Your environment now has two versions of the dataset. There is `ExcelGradeBook`, which is the original dataset you imported. There is also `gradebook`, which is a copy of `ExcelGradeBook`. 

As you progress through this section, you will work primarily with the `gradebook` version. If at any point you'd like to start with a fresh `gradebook` dataset, you can do so by running `gradebook <- ExcelGradeBook` again. This will overwrite any changes in the `gradebook` data frame with the originally imported `ExcelGradeBook` data frame.

Now that you've tried two ways to import the dataset, you will now begin processing the data.

## Process data

### Tidy data

This walkthrough uses an Excel data file because you're likely to encounter this format in your work. Moreover, the messy state of this file mirrors what you might be asked to use in your everyday work. The Excel file contains more than one sheet, has rows you won't need, and uses column names that have spaces between words. All these things make the data tough to work with. 

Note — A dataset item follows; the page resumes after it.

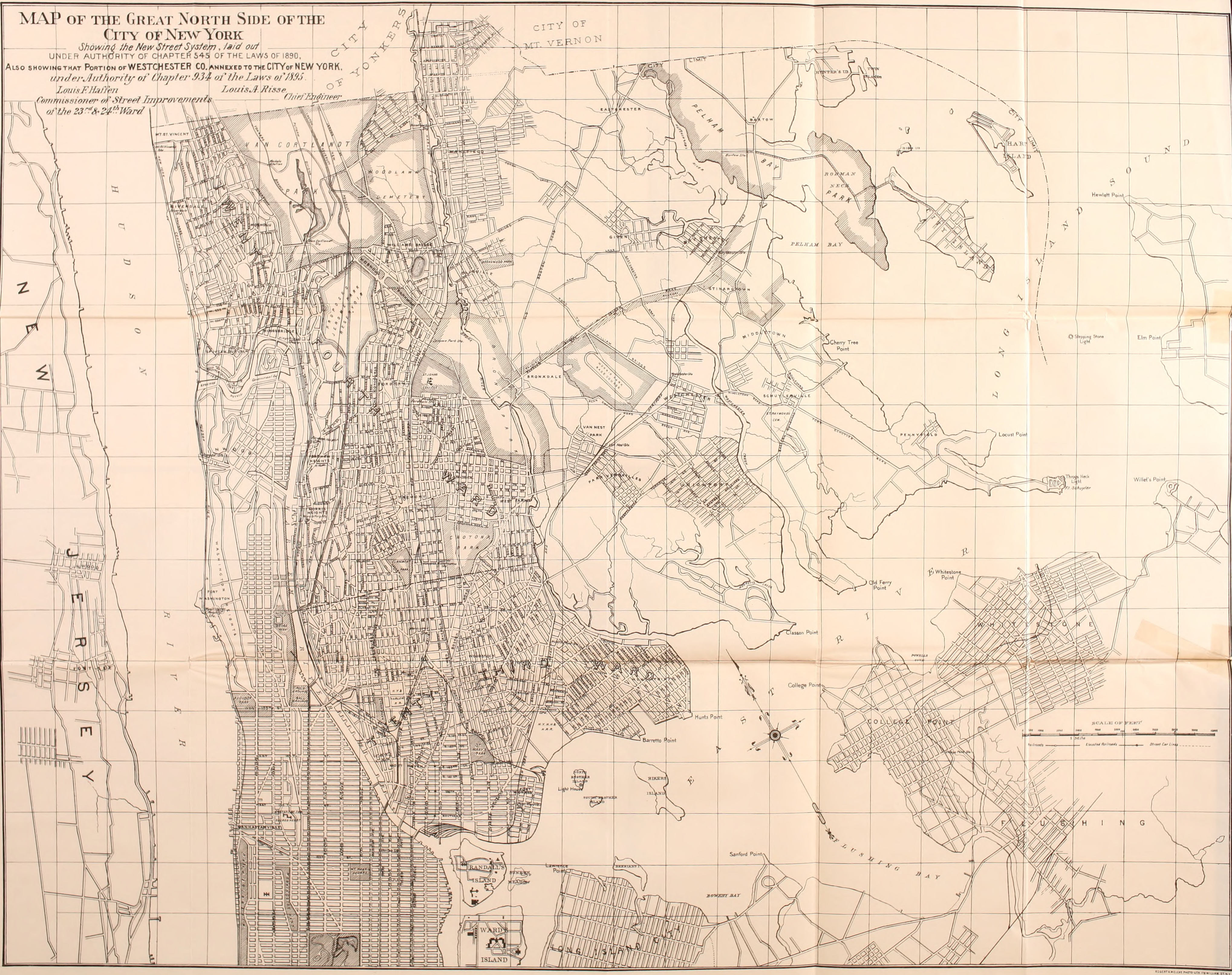 Title: The Great north side, or, Borough of the Bronx, New York Year: 1897 (1890s) Authors: Durst, Seymour B., 1913-, former owner. NNC North Side Board of Trade (Bronx, New York, N.Y.) Subjects: Publisher: New York : Knickerbocker Press Text Appearing Before Image: ' Text Appearing After Image: Digitized by the Internet Archivein 2013 1greatnorthsideor00durs

It's possible to manually change the file before importing it. However, if you clean the file outside of R, there's no record of the procedure you used. You or a coworker would need to rely on memory or backwards engineering to clean it in the future. On the other hand, when you clean the original data in R, you can recreate all the cleaning steps necessary for your analysis. 

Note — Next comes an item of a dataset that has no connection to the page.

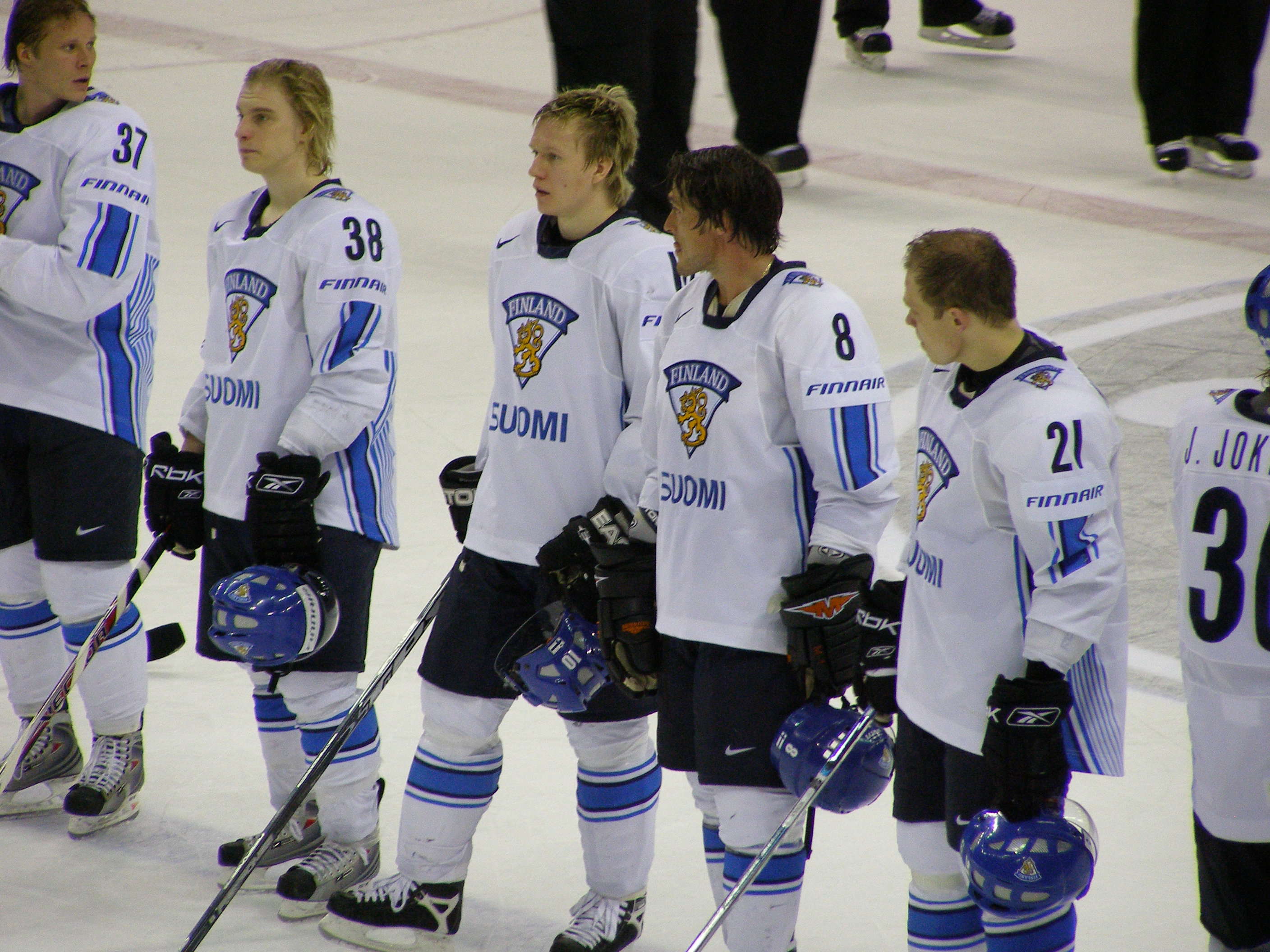 Team Finland players, 2008 IIHF World Championship.

In this section, you'll start your work with the column names. First, you'll modify the column names of the `gradebook` data frame to replace spaces an underscore. In R, spaces in column names can present challenges later on in your analysis. 

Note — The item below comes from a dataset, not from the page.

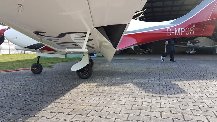 A VL-3 Evolution with fully extended flaps

Second, you'll make the column names of the data easy to use and understand. The original dataset has column names with uppercase letters and spaces. You'll use the {janitor} package to change them to a more usable format.

### About \{janitor\}

The {janitor} package is a great resource for anybody who works with data, particularly for data scientists in education. Created by Sam Firke, the Analytics Director of The New Teacher Project, it is a package designed with education data in mind.

{janitor} has handy functions to clean and tabulate data. Examples include:

- `clean_names()`, which takes messy column names that have periods, capitalized letters, spaces, etc., and changes them into an R-friendly format
- `get_dupes()`, which identifies duplicate records
- `tabyl()`, which tabulates data in a `data.frame` format. In this format, data can be "adorned" with the `adorn_` functions to add total rows, percentages, and other dressings

Start by looking at the original column names. The output will be long, so look at the first ten by using `head()`.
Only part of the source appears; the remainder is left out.